Recently NRO published a remembrance of Joan Didion [Joan Didion: The National Review Years, December 23, 2021], who in the early 60s was a staffer at National Review. NRO included a link to archived National Review NOT Online pieces from the 60s, and this one of them:Wayne at the Alamo,” NR, December 31, 1960, when Didion had just turned 26.

Just so you know, the part about the last white woman leaving the Alamo boldfaced by me below isn't in the NRO excerpt.

There seemed to be no real reason other than John Wayne's presence, why I should like The Alamo. This was no Western, no thing of perfect symmetry. no classic tale played out beneath the blazing still sun of American myth, reaching Its agon in the dust of a never-never Main Street. This was a message picture, as surely as Gentlemen's Agreement, Pinky, Home of the Brave. Although I do not like to admit it, perhaps I simply approved the message, loved John Wayne for writing in the Hollywood Reporter that he wanted to "show this living generation of Americans what their country really stands for," adored him for saying that he got the money (it took twelve million dollars to get this particular message on the screen) "from great men like Clinton W. Murchison and O. J. and I. J. McCullough." Because if you do like The Alamo. and I did, you like it in the face of obstacles some would think steep. (So many thought those obstacles not only steep but insurmountable, in fact, that it became necessary for The Daughters of the Republic of Texas to announce that "it is entirely out of line for the New York papers to be so sarcastic.") When I saw The Alamo, it was running three hours and thirty-six minutes (Obstacle #1). which made seeing it only slightly less strenuous than defending it had been.

….

Wait. About forty-five minutes into The Alamo, a man appears on that immense Todd-AO horizon. He smiles. He moves his shoulders a little. He says "Les-go" or something like it; who cares what he says? He goes riding through the tall grass down to San Antonio, right off the top of the screen, and you are, if you are like me, lost, lost forever. It is John Wayne. It might be Clark Gable, appearing in a white linen suit amid the flaming ruin of Atlanta to carry Scarlett home to Tara; it might be the purr of an American plane—always distinguishable from Axis planes, which had engines that whined—coming in overhead just as the rations run out in a World War II movie. From then on, the ball game's over.

At least it was for me. I wept as Wayne told his Mexican inamorata How A Man's Gotta Live.

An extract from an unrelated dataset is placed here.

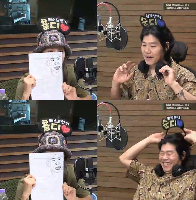 이날 남편의 라디오 방송에 게스트로 출연한 이효리는 '월간 이효리' 코너가 진행되기 전, 멘트를 하는 이상순의 앞에서 대기하며 그린 그림을 공개했다.

I wept as he explained why Republic Is A Beautiful Word.

I wept throughout the siege of the mission; there was no use in my companion's trying to amuse me by pointing out that it had just come home to Richard Widmark, although the problem had been under discussion on screen for some three hours, that "WE NEED MORE MEN.'"

I was inconsolable by the time the battle was done, and Wayne lay on the cold cold ground, bleeding as no one has bled since Janet Leigh in Psycho. The last white woman walked out of the Alamo then. She had soot on her face, and she was carrying her child, and she held her head high as she walked past Santa Anna into the sunset.

So conspicuous was my sniffling by then that you could scarcely hear the snickers from my neighbors, a couple of young men from Esquire, both of whom resembled Arthur M. Schlesinger Jr. They don't make 'em like Duke on the New Frontier.